Obviously this is a lot of ground to cover over the course of a feature film, and this one manages to touch most of the bases even if you're left wanting to know more about the audience for these films and what happened to them now. (Weirdly, even many of the big studio entries like Jade, Thief of Hearts, Whispers in the Dark, and Sliver are treated like throwaway garbage now with only their R-rated versions available on Blu-ray and streaming.) There's a wide variety of participants here including Fatal Attraction screenwriter James Dearden, regular Zalman King composer George S. Clinton, actors like Monique Parent, and writers like Linda Ruth Williams and Abbey Bender. Some of this is quite funny as well, including a great gag involving Stevens tucked away in the end credits.
The 2023 Blu-ray release of this film from Yellow Veil is likely the first way viewers will be able to encounter this one outside of a festival, and it looks as excellent as you'd expect for a recent digital production.

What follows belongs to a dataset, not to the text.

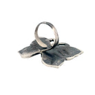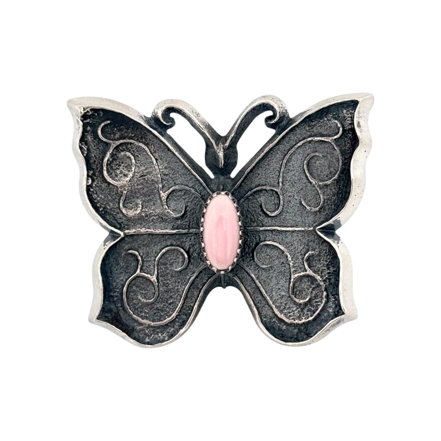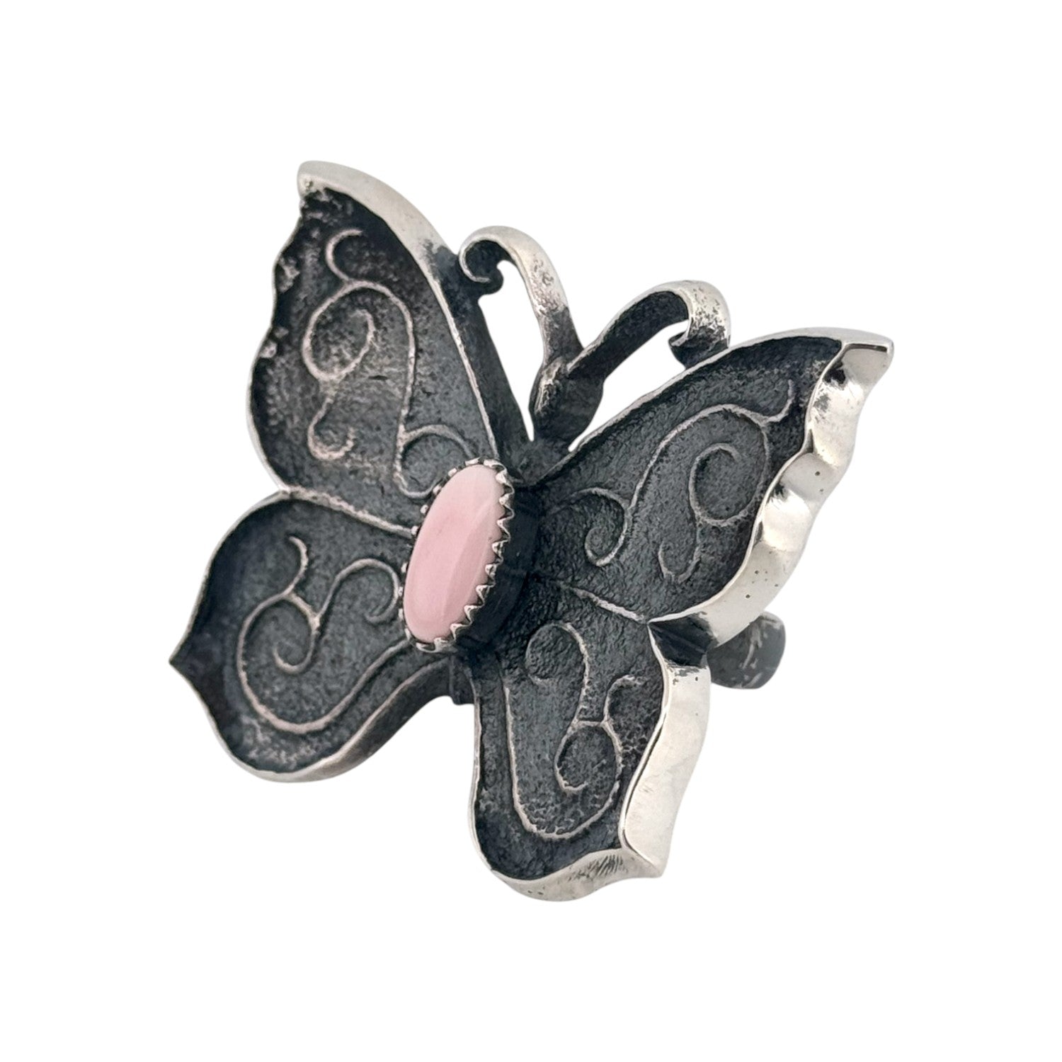 Handcrafted by talented Navajo silversmith Mekechto Jim, this adjustable sterling silver butterfly ring captures both elegance and symbolic meaning. Centered with a soft pink conch shell cabochon, the piece radiates gentle warmth and feminine grace, framed by hand tooled silverwork that forms the wings of a butterfly an enduring Navajo symbol of transformation and beauty. The contrast of the polished stone against the oxidized silver background highlights the intricate scrollwork and masterful texture throughout. Every curve and detail speaks to Jim’s artistry and deep connection to Navajo silversmithing traditions. Designed with an adjustable band, it offers comfort and versatility while maintaining its bold, heirloom presence.

Obviously the barrage of clips varies depending on the source (many existing only on VHS-era masters), but that's nicely handled with some placed inside TV monitors or put into fun multi-screen comparisons of recurring visual tropes. Audio options include DTS-HD MA 2.0 stereo with optional English subtitles, a superfluous 2.0 Dolby Digital track, and an unusual audio commentary separated into separate sections with director Anthony Penta, Travis Woods, Samm Deighan, and Douglas Keesey; they each tackle a different aspect of the topic from the genesis of the project to the film noir influence to gender politics to key players. Obviously it isn't scene specific at all but makes for a fun and logical way to fill the lengthy running time. For some reason the feature itself is split into two parts with a note at the beginning that the length determined this (so the running times show up as 76 mins. 59 secs. and 86 mins. 26 secs.); it's an odd authoring choice but at least they give you a heads up. Also included are six segments of deleted scenes and bonus interviews, which are presented in a final edited form and are at least as substantive as anything in the main feature with topics including the execution of the love scenes, the demographics of the audience, and the viewing habits that started to kick in once these were being churned out at a rate of multiple titles per week. The package also comes with an essay by Justin LaLiberty serving as a handy primer to the erotic thriller and its importance to the home video market.